Information provided |
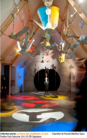 « La danse des ventilateurs, le vent… » est étrangement poétique avec ses palles cabossées de toutes les couleurs. Une revisitation des mobiles de Calder, après un passage par les puces.
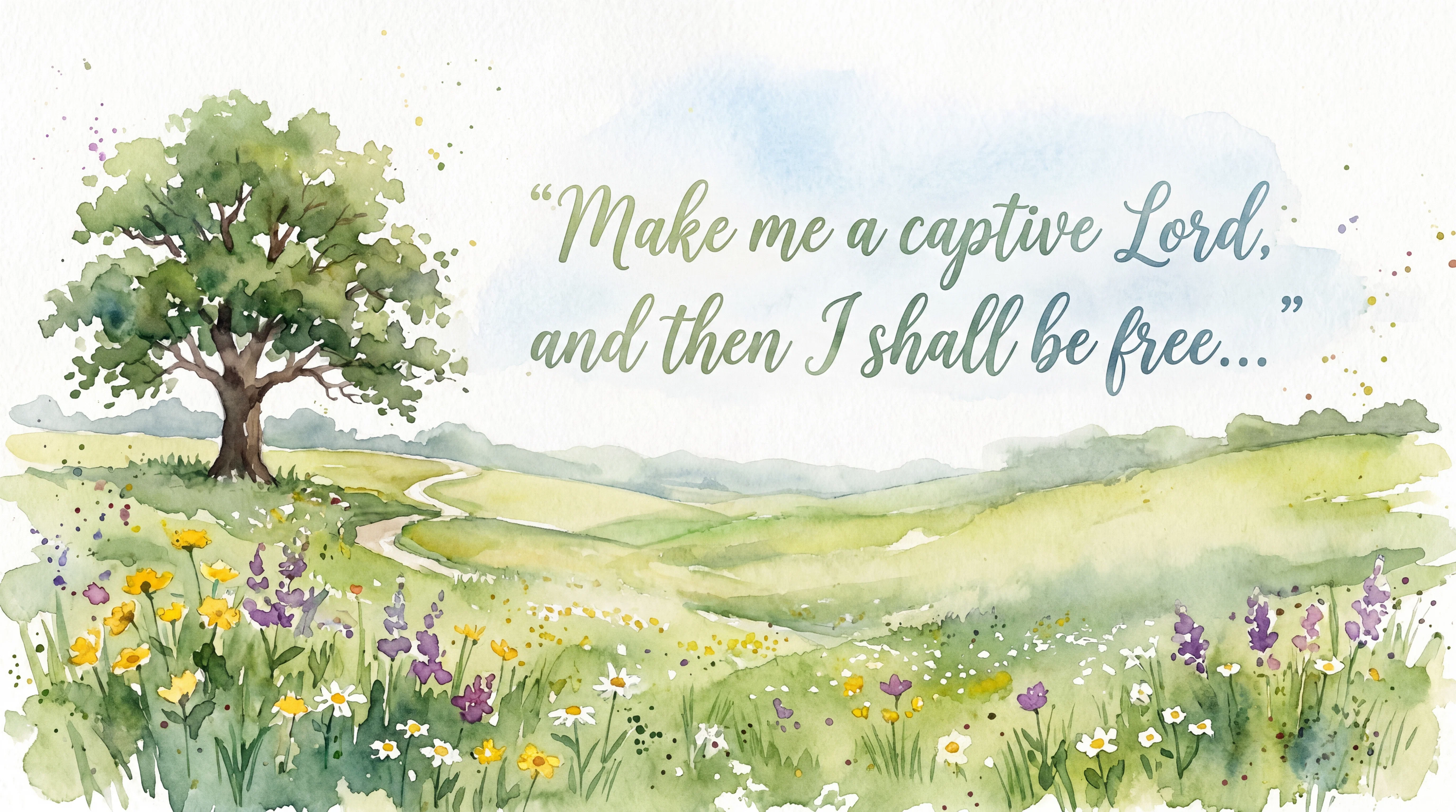 Create a Beautiful field with green grass and wild flowers and these words with the quotation marks and full stop "Make me a captive Lord, and then I shall be free..." on the pic in beautiful font.
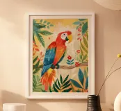 Bunter Papagei inmitten von tropischem Laub in einer üppigen Poster mit Kunststoffrahmen

Task requirements |
Output the complete listing exactly as it appears, except for the images.

Response to the task |
 « La danse des ventilateurs, le vent… » est étrangement poétique avec ses palles cabossées de toutes les couleurs. Une revisitation des mobiles de Calder, après un passage par les puces.
 Create a Beautiful field with green grass and wild flowers and these words with the quotation marks and full stop "Make me a captive Lord, and then I shall be free..." on the pic in beautiful font.
 Bunter Papagei inmitten von tropischem Laub in einer üppigen Poster mit Kunststoffrahmen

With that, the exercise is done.